# Erno Rubik Signature



## snively (Feb 12, 2012)

Hey, I hope this is the right place for this question. I'm not a speedsolver or anything (I can solve a 3x3 layer by layer in about a minute) but I know speedsolving.com is where the best of you guys frequent. 

Here's the deal, about 5 years ago, or when it first came out, I bought a Rubik's Revolution Signature Edition. I didn't know or particularly care that it was a signature edition, it was the only type for sale at the time. I discovered, when I opened the box, that there was a Certificate of Authenticity inside and was hand signed by Erno Rubik. Trust me, based on the color of the pen, the indent into the cardstock, and the stuttering of the ink, it's definitely a real-life signature, and it matches the other signatures I've looked at on google images.

I looked around at other Signature Edition Revolutions and didn't notice the card in them (it would have been visible through the bottom of the container) and then eventually the signature edition faded out and it just became the standard edition. 

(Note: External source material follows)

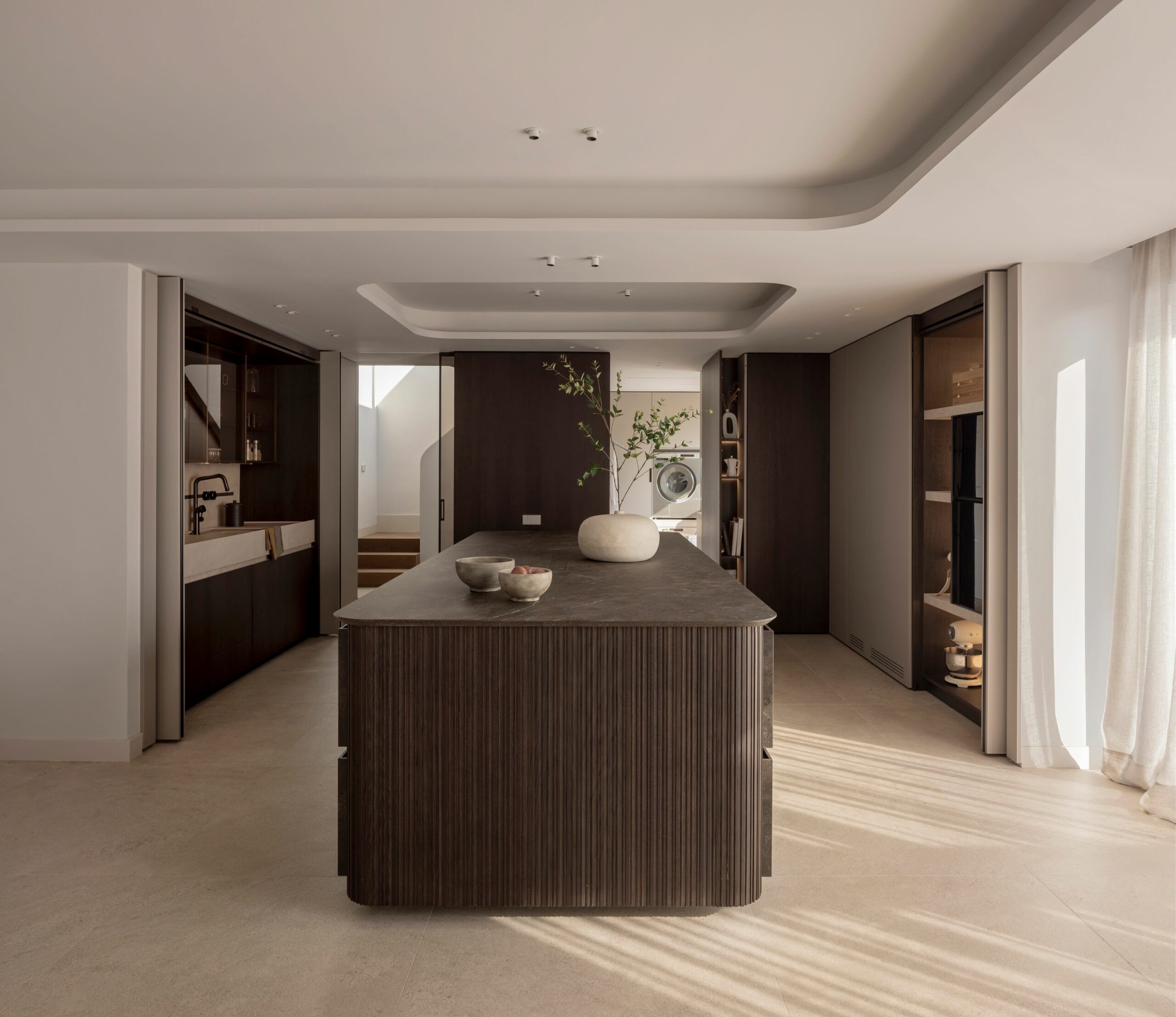 Las curvas articulan el espacio con naturalidad, uniendo la cocina y las áreas adyacentes mediante un trazado continuo y equilibrado. Su forma suaviza la geometría, aporta líneas limpias y ordenadas, y suma un carácter orgánico que equilibra la precisión del diseño.

I've done many a google search to try to find evidence of this certificate of authenticity with Rubik's signature existing but can't find any mention or picture of it anywhere. Have you guys heard of it? Any idea how many were made and distributed? I just now discovered it again in my closet and it piqued my interest. Thanks!


----------



## FlyingFingers (Feb 13, 2012)

Woahhh........


----------



## BrainOfSweden (Feb 13, 2012)

I haven't heard about this before, but that .. is .. awesome. I would so much wan't to have his signature on anything.

_Edit:_
I had to look this up on ebay, and even though all of them says signature edition (they might mean the signature on the cube, that looks printed), they go for 14$ and up. However, the only one that claims it has one of these certificates goes for 30$. But no, I never heard of this before.


----------



## snively (Feb 15, 2012)

Any idea who I should contact to try to get some more information about it?


----------



## BrainOfSweden (Feb 15, 2012)

I don't know how easy it is to contact a reliable representant from Seven Towns, but that's what I should try in the first place.


----------



## KJ (Feb 15, 2012)

O_____O
Woah.


----------